Completed in 1936 John Keble Church in Edgware was also designed by DF Martin Smith 1900-84.

Martin Smith later went into partnership with Henry Braddock and together designed St. Mary’s church in Crawley. 

Holy Cross is positioned in a spectacular position among the houses on the Rollestone hillside.

Holy Cross is a church for people of all ages and stages of life.

Apart from the warm welcome at Holy Cross, you will always find something that is relevant to your age and stage in life – however old you are and whatever walk of life you come from.

Built to serve the Gleadless Valley Estate perched high above the Sheffield city centre.

It has a canted front which is triangular in shape which has a large white cross at its apex.

The interior features full height stained glass windows of the Virgin Mary and St John by John Baker Ltd.
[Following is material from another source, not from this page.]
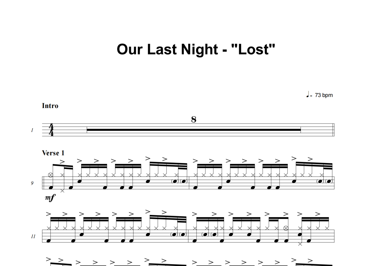 《Lost》是Our Last Night演唱的一首歌曲,这份架子鼓谱共有四张高清图谱,图谱由 @积极处世 编配上传,图谱使用五线谱编配,使用这份Lost架子鼓谱,你将能够轻松地敲打出这首Our Last Night的Lost,快来尝试吧。

Born in 1916, John aka Jack studied at the Central School in London and worked under James Hogan at the Whitefriars stained-glass studios before joining Samuel Caldwell junior at Canterbury Cathedral in 1948 to help reinstate the medieval glass removed for safekeeping during the Second World War.
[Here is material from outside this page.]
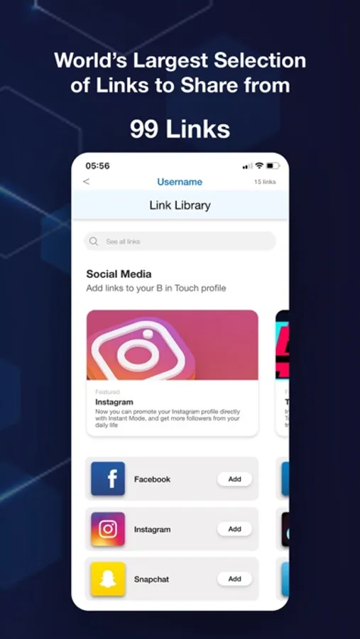 - Choose from over 99 different links and apps to add to your profile page or share directly with Instant Mode. New links added frequently
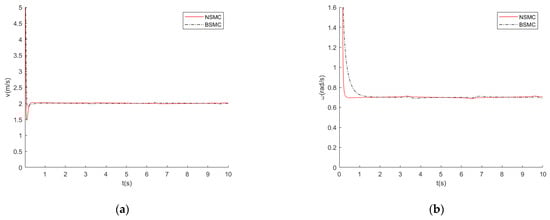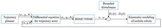In this section, in order to verify the effectiveness of the controller proposed in this paper, the comparative simulation experiment between BSMC, NSMC and PID utilized MATLAB/SIMULINK as the primary platform. The control structure of the wheeled mobile robot is depicted in Figure 3.

He subsequently authored English Stained Glass; the revised edition of this work, English Stained glass of the Medieval Period , which was to become one of the most popular soft back books on English medieval glass ever published.

Apart from his conservation skills, John was also an inspired teacher at Kingston College of Art. He produced windows for a number of churches, including eleven windows for the church of the Holy Name, Bow Common Lane, Mile End; two windows and a brick sculpture for the church of Little St Peter, Cricklewood; eighteen windows for St Anne’s church, East Wittering, Sussex; two large abstract windows for Broomfield Chapel, Abbots Langley; ten large concrete and glass windows for the new parish church, Gleadless Valley, Sheffield; and twenty-two glass windows for the Convent Chapel, St Michaels, Finchley. He also created a huge Jesse window for the church at Farnham Royal. The church was demolished in 2004, but the glass is now in storage, and some of the panes will be installed in the welcome are of the new church.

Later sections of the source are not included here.